Most of Richmond’s prominent families responded, stripping their beds of blankets, sheets, and pillows; packing up the contents of their pantries; gathering coats and shoes; and sending everything off to Confederate soldiers. Some even offered their horses to replenish the army’s dwindling supply; thousands of mounts, on both sides, were lost to convalescent camps, where they recovered from battle fatigue and the equine equivalent of “soldier’s heart,” an early term for post-traumatic stress disorder. General Lee, in an April 16 letter to Davis, confided his anxiety over “the present immobility of the army, owing to the condition of our horses and the scarcity of forage and provisions.” Civilians who didn’t willingly contribute risked a visit from rebel “impressment agents,” charged with confiscating food, fuel, slaves, horses, and anything else the army might need. Elizabeth witnessed the agents seize horses from bread carts and unsuspecting peddlers arriving at the market. Most of the livery stables on Franklin and other streets had been completely swept of their steeds. Some residents, in anticipation of the coming agents, mounted diminutive slaves on their horses and sent them, under whip and spur, in the opposite direction.
The agents already had come to Elizabeth’s door three times, shaking papers from the War Department in her face and claiming they had the right to her horses. They did not pay her on the spot as they had been instructed to do. Three of her brilliant white horses were gone, never to be seen again, and she stashed her last remaining horse in the smokehouse. There she considered him safe until agents again made the rounds in her neighborhood, creeping behind the mansions and peering inside stables. One night, when all was clear, she rolled up her Oriental rugs and led her horse inside her home. She wrapped his hooves with rags and spread straw across the floor of her study.

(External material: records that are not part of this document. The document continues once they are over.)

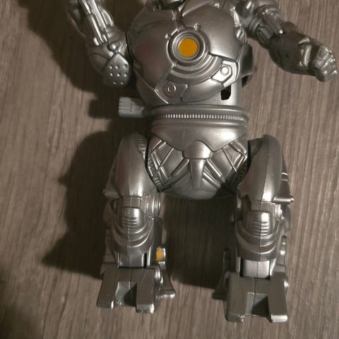 Leker figur i plast med stor overdimensjonert arm. Figuren har grønn- og svartstripet genser, beige bukse og brunt hår. Den er laget som en liten samlerfigur/leke som kan brukes til lek eller som pynt på hylle eller skrivebord. Egner seg for barn som liker actionfigurer eller som del av en samling av små plastfigurer.Dette er en Fury Fists Sandman-figur, som ble utgitt av Burger King i 2006 som en del av en kampanje for filmen Spider-Man 3.
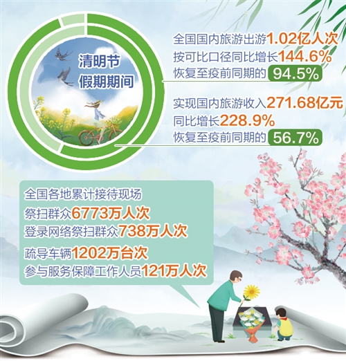 此外,据民政部清明节祭扫工作办公室统计,清明节假期各地累计接待现场祭扫群众6773万人次,登录网络祭扫群众738万人次,疏导车辆1202万台次,参与服务保障工作人员121万人次。
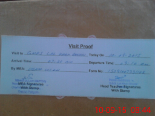 | Attendance Register | Head Teacher | MEA with School | Visit Proof |
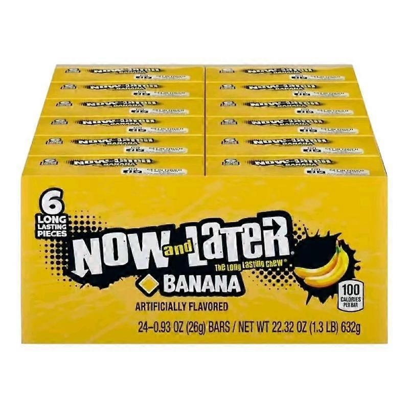 Now and Later, Banana, Original Taffy Chews Candy, 0.93 Bar, 22.32 Ounce (Pack of 24)
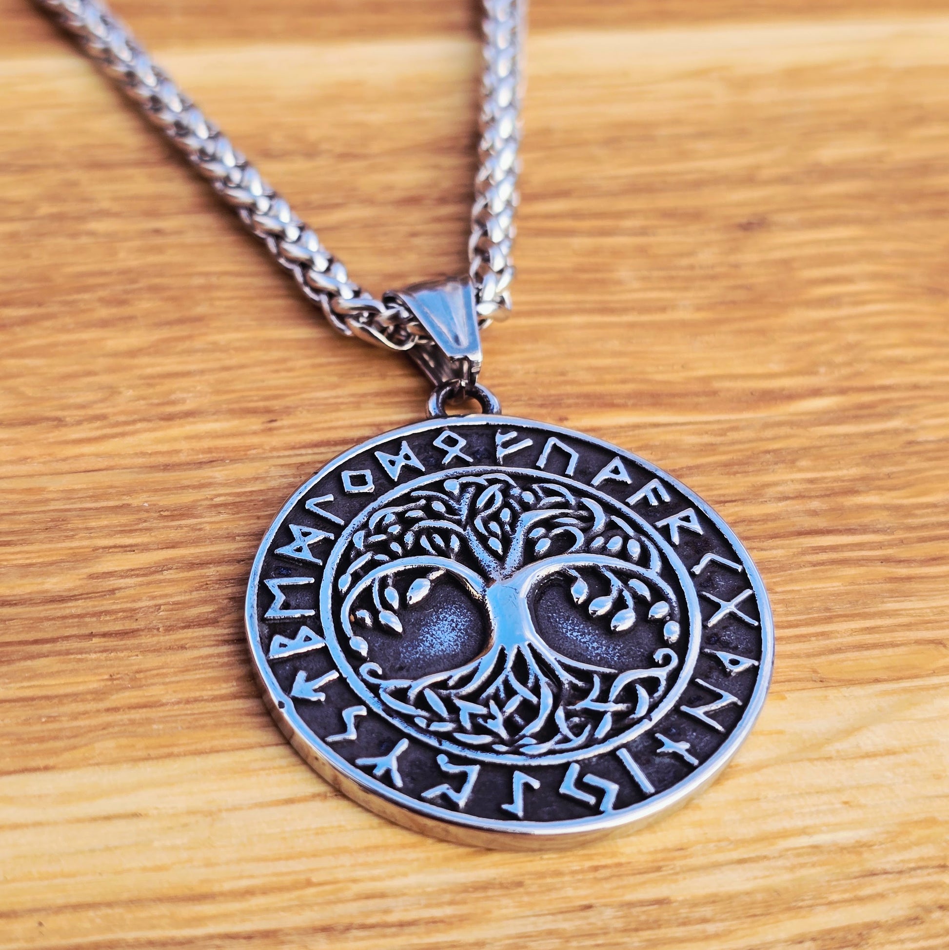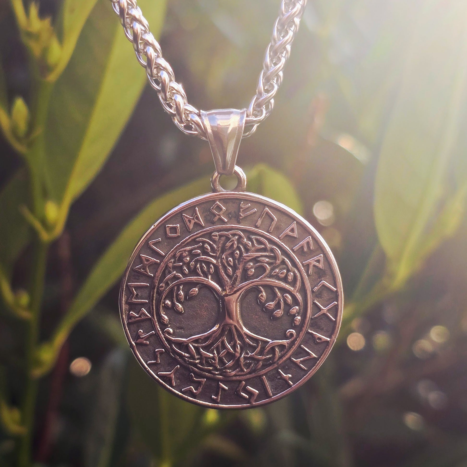 Der Baum des Lebens ist ein universelles Symbol, das die Verbindung zwischen allen Lebewesen und das ständige Wechselspiel zwischen Leben, Tod und Erneuerung darstellt. Die Runen, die den Anhänger umgeben, tragen die spirituelle Kraft der nordischen Mythologie in sich und verleihen der Halskette eine tiefere symbolische Bedeutung. Ein perfektes Schmuckstück für alle, die sich der Weisheit der Natur und der nordischen Tradition stark verbunden fühlen.

She implored the horse to stay quiet, scratching his withers and sending her nieces with baskets of fresh apples to keep him company. To her amazement he stayed in the study for days at a time, until the officers gave up, never neighing or stomping loud enough to be heard. It was, she marveled, as though he “thoroughly understood matters”—that in the South’s “dear young Government” there was no safety for anyone, not even an innocent beast.